India has few incentives to offer or pressures to apply that its neighbourhood dragon will find either too tempting or frightening to ignore. India seems to have lost the battle over Tibet to China, despite the fact that Tibet constitutes China's only truly fundamental vulnerability vis-à-vis India. India has failed to limit China's military use of Tibet despite its great implications for Indian security, even as Tibet has become a platform for the projection of Chinese military power.
Not only has China pumped in infrastructural investments in developing roads, railways, airfields, hydroelectric and geothermal stations, leading to a huge influx of Han Chinese in Tibet, it is also rapidly expanding the logistical capabilities of its armed forces in Tibet. India's tacit support to Dalai Lama's government-in-exile has failed to have much of an impact either on China or on the international community. Even Dalai Lama has given up his dream of an independent Tibet and is ready to talk to the Chinese as he realises that in a few years Tibet might get overwhelmed with the Han population and Tibetans themselves might become a minority.
Encouraged by the growing isolation of Tibetans, the Chinese government now seems to have little interest in a genuine dialogue with the Dalai Lama. The Dalai Lama now concedes that his drive to secure autonomy for Tibet through negotiations with the Chinese government had failed, thereby strengthening the hand of younger Tibetans who have long agitated for a more radical approach and who have demanded independence.

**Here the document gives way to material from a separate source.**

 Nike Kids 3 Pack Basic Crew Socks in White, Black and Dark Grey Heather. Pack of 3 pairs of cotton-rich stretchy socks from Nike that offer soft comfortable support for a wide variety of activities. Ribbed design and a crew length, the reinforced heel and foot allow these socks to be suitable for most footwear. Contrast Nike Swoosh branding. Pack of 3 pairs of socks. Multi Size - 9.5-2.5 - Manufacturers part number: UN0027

It is a possibility that recent turmoil among the Tibetans in China may be hardening Chinese perceptions vis-à-vis India. During the last visit of the Indian foreign minister to China, the Chinese government reportedly raised objections to the media prominence being given to the Dalai Lama and his supporters in India. Though Indian government can do little about how India media treats the Tibetan cause, it will inevitably impact upon Sino-Indian ties. This despite the fact that the Indian government has not been able to summon enough self-confidence to even allow peaceful protests by the Tibetans and forcefully condemn Chinese physical assaults on its Tibetan minority and verbal assaults on the Dalai Lama.

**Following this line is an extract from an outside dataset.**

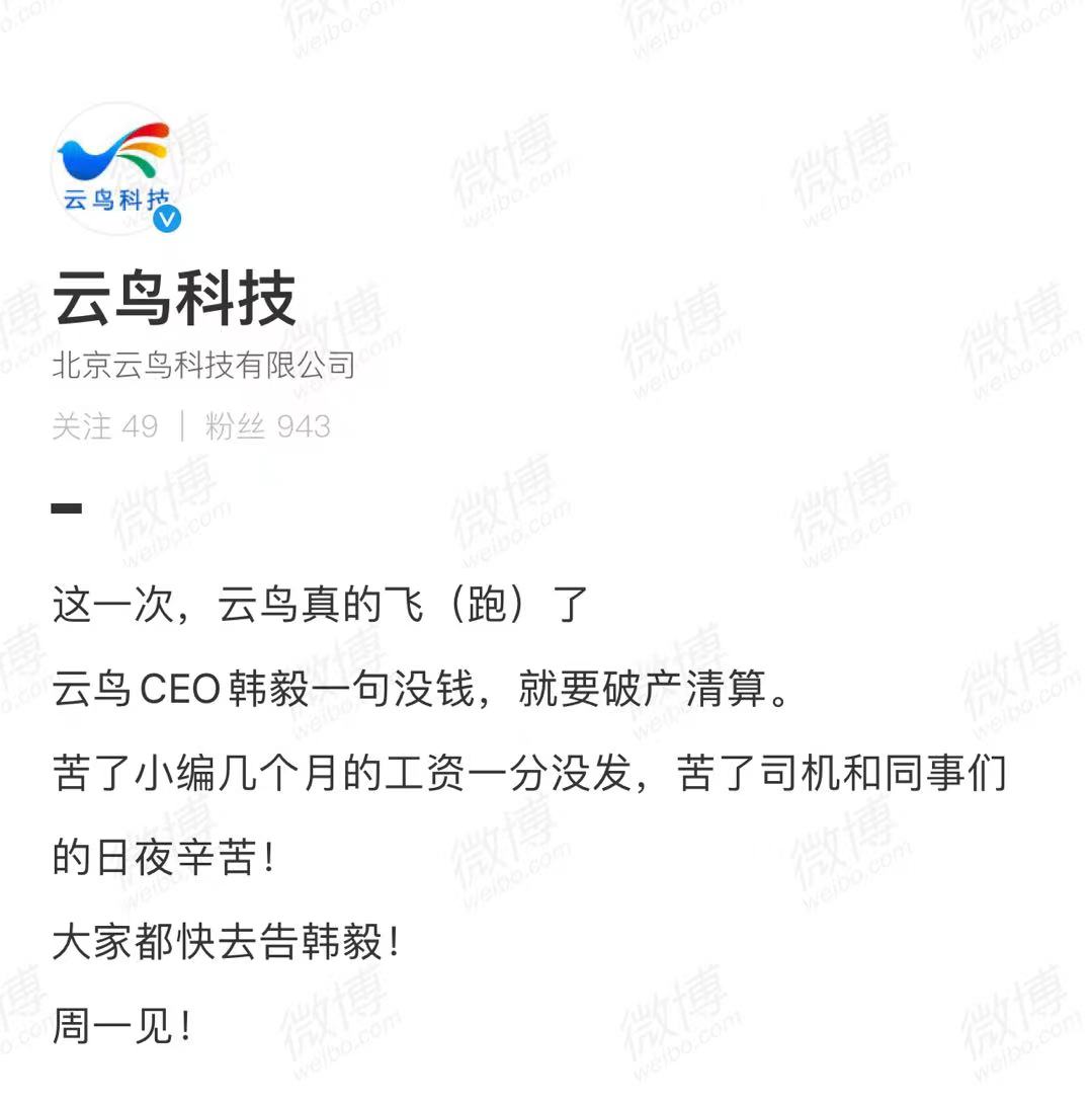 10月30日晚,北京云鸟科技有限公司(以下简称“云鸟科技”)官方账号发布了微博,控诉云鸟科技公司拖欠员工工资和司机费用,并将矛头对准其CEO:“CEO韩毅一句没钱,就要破产清算”。

China also seems to be concerned about Indian foreign policy becoming proactive in recent years and being able to play the same balance of power game which the Chinese are masters of. India's growing closeness to the US and the idea that democratic states in the Asia-Pacific such as India, Japan, Australia and the US should work together to counter common threats is generating a strong negative reaction in Beijing.

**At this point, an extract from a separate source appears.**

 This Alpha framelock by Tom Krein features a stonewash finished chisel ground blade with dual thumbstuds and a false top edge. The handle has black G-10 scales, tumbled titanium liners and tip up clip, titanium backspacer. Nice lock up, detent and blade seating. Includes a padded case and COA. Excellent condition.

Whatever the cause, the recent hardening of positions on both sides does not augur well for regional stability in Asia. Sino-Indian ties will, in all likelihood, determine the course of global politics in the coming years. The consequences of this development, however, remain far from clear. Pranab Mukherjee was right when he suggested in Beijing sometime back that India-China relations will be one of the more significant factors that will determine the course of human history in the 21st century. If the present indications are anything to go by, human history is in for some tough times ahead.
The writer teaches at King's College London.